Background technology
Soft magnetic materials has the history of more than 100 years from pure iron, silicon steel, permalloy to invar steel.Traditionally these soft magnetisms
Alloy be all by smelting, forging, numerous and diverse technique such as hot rolling or cold rolling crystal alloy band is made, then thermally treated to improve its magnetic
Energy.Production cost is high, product specification (breadth, thickness) is limited, magnetic property is not also highly desirable.The amorphous alloy developed in recent years
With nano-crystal soft-magnetic strip metal material production technology, be using chilling technique, by melt alloy on the roll surface of rotation chilling
The strip of dozens of micron thickness is directly formed, although magnetic property significantly improves, production cost is very high, and product breadth is very narrow, thick
Degree not easy-regulating, it is rough surface, brittle, using being limited to.
Iron-nickel alloy is otherwise known as permalloy, is a kind of critically important soft magnetic materials.Iron-nickel alloy foil has excellent
Magnetic shield performance, the magnetic screen of low frequency magnetic field in being suitble to.The preparation process of conventional alloys metal foil be by mental section by thickness by
Grade rolls thinning process.There is technical limitation in breadth, absolute thickness, metal fatigue, processing loss, the uniformity of becoming a useful person.
Electrodeposition process is a kind of reverse preparation method, and foil is grown naturally by thin to thick.Need not improve cost just can prepare big breadth,
Every stability of characteristics, homogeneous metal foil section bar.The Alloy Foil maximum breadth of conventional preparation techniques production is 300mm, most
Small thickness is 30 microns.There are still improved spaces.

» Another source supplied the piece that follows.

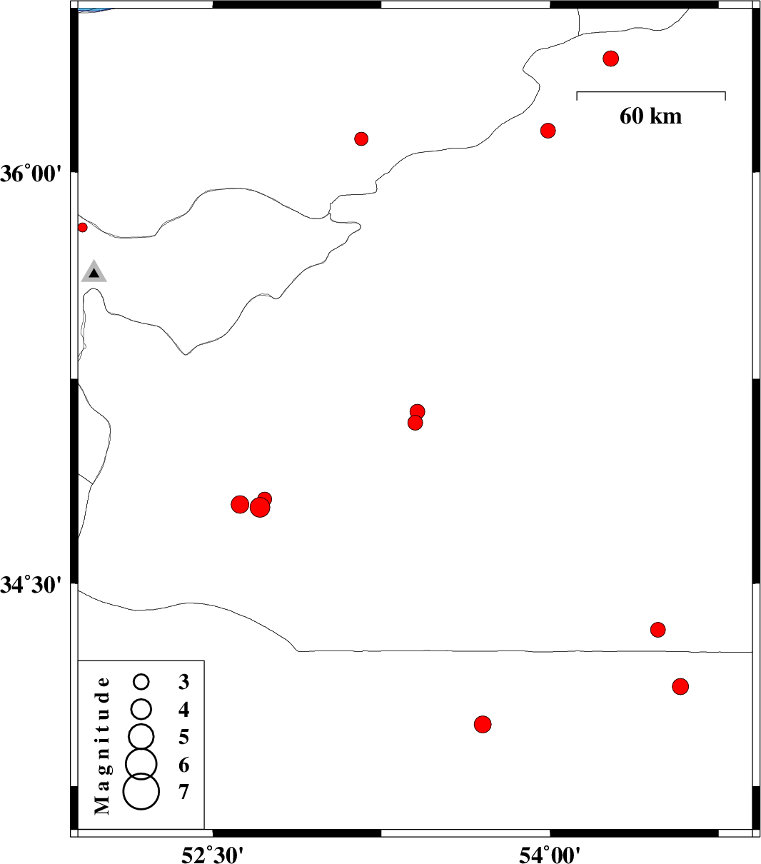 2013/09/27 | 03:57:36.7 | 07:27:36.7 | 34.81 | 52.73 | 14 | ML:2.8 | Semnan Province, 57 km South-East of Garmsar | ||

China Patent Publication No. discloses a kind of electro-deposition of one nickel of nano crystal iron, one evanohm foil for CN102839399A
Preparation method belongs to electro-deposited alloy field, is to use the method for electrochemical deposition in one trivalent chromium water of sulfate monochloride
One nickel of nano crystal iron, one evanohm foil is continuously prepared in electro-deposition in solution system.The Alloy Foil that this method is produced is simple for process,
Electrolyte environmental protection, stable, waste liquid is disposable.Chromium content is higher in Alloy Foil, and ingredient and thickness are easily controllable, and surface is smooth,
With excellent mechanics, electricity, magnetics and corrosion resisting property, can partial alternative stainless steel foil band etc. be widely used in electricity, communication,
The industrial circles such as electromechanics can be used as excellent magnetic material, battery framework material and electromagnetic shielding material.But it is produced
The Alloy Foil gone out equal Shortcomings in terms of thickness and breadth.
Invention content
Problem to be solved by this invention is to provide a kind of simple for process, stable, the excellent electrodeposition process preparation of product quality
The technique of iron-nickel alloy foil.
To achieve these goals, the technical solution taken of the present invention is:A kind of electrodeposition process provided prepares iron nickel
The technique of Alloy Foil, it is specific as follows:
(1) electroplating solution is injected into electrolytic cell, it is molten that the Ka band lower end for ensureing to connect with cathode roll is immersed in plating
In liquid, anode conducting device is put into electrolytic cell, and iron anode plate and Nickel Anode Plate are alternately put into anode conducting device,
Increase filter screen in anode upper end, anode conducting device and cathode roll are connected to the anode and cathode of power supply respectively;
(2) voltage regulating device is connected between anode conducting device and positive pole, what opening was connect with electrolytic cell follows
Loop system starts motor and drives cathode roll rotation, and the reload temperature control device in electrolytic cell, and the interior plating of control electrolytic cell is molten
The temperature of liquid is 51-54 DEG C, meanwhile, control current parameters are 3.6-4.0A/dm2, and the pH value for adjusting electroplating solution is 2.2-
2.4;
(3) plating enters Cleaning and Passivation device in the stripped device of iron-nickel alloy foil of cathode belt surface, is cleaned
And Passivation Treatment, then drying device obtains dry clean and tidy iron-nickel alloy foil, is wound finally by rolling-up mechanism.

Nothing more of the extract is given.